And he was calling now because someone had just killed the governor of Ohio. Which would have been noteworthy under any circumstances, given that John Tatum Longford, the best OSU running back since Archie Griffin, who’d gone to law school after he blew out his knee in his one pro season with the Bengals, was personable and charismatic and the first black governor ever to grace the statehouse in Columbus. But Governor Longford had not been in Columbus when a well-placed bullet blew out more than his knee, had not in fact been anywhere in Ohio. The man was a hot presidential prospect, and Iowa was one of those important early states, and the night before Longford had been in Ames, addressing a group of students and faculty at Iowa State University. From there the governor and his party had driven down to Des Moines, where he’d spent the night at Terrace Hill as the guest of the governor of Iowa. At 10:30 the next morning he’d appeared onstage at a high school auditorium, and around noon he’d shown up to address a Rotary luncheon. Then the gunshot, and the race to the hospital, where he was pronounced dead on arrival.
“My guy’s white,” he told Dot. “And short and fat, like the photograph.”
“It was a head shot, wasn’t it? I mean the photograph, not what happened just now. So you couldn’t really tell that he was short. Or fat, as far as that goes.”
“He was jowly.”
“Well.”
“And you could certainly tell he was white.”

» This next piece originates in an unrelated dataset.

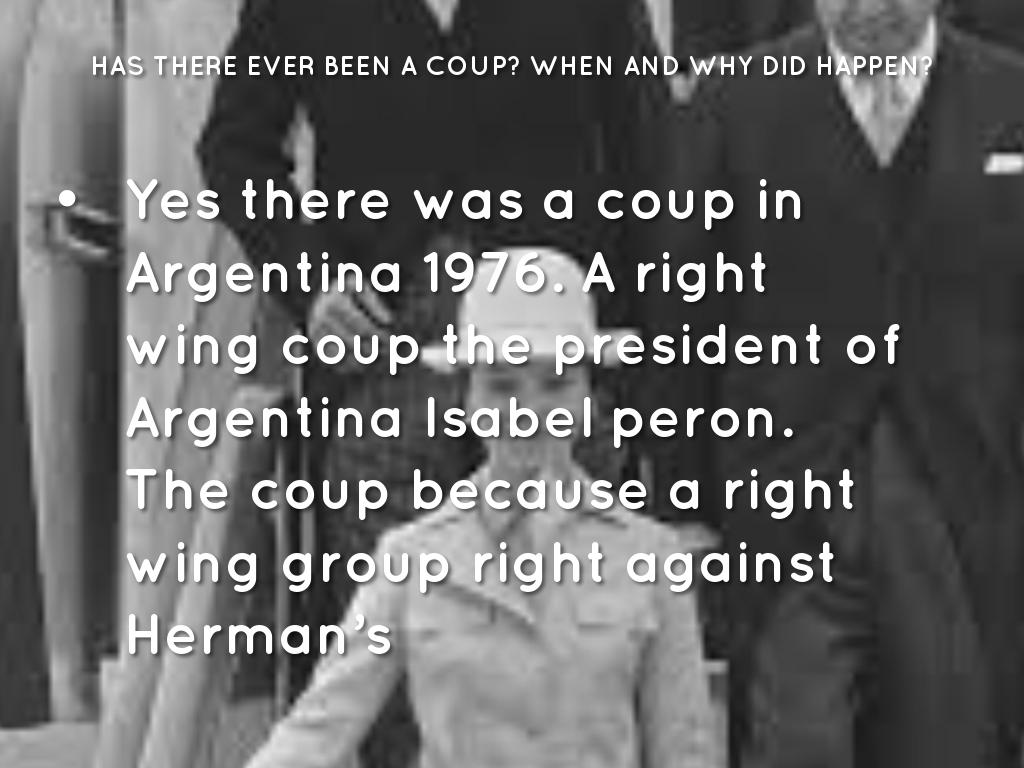 • Yes there was a coup in Argentina 1976. A right wing coup the president of Argentina Isabel peron. The coup because a right wing group right against Herman’s

“No argument there. The man was white as the ace of clouds.”
“Huh?”
“Never mind. What are you going to do?”
“I don’t know. I saw my guy just yesterday morning, I was almost close enough to spit on him.”
“Why would you want to do that?”
“What I’m getting at is that I could have done the job and been home by now. I almost did it, anyway, Dot. With the gun or with my hands. I was supposed to wait but I thought, hell, why wait? They’d have been pissed but I’d have been out of here, and instead I’m in the middle of a manhunt for a killer they haven’t identified yet. Unless there’s been something on the news in the last few minutes?”
“I’ve got the set on,” she said, “and there hasn’t. Maybe you should just come home.”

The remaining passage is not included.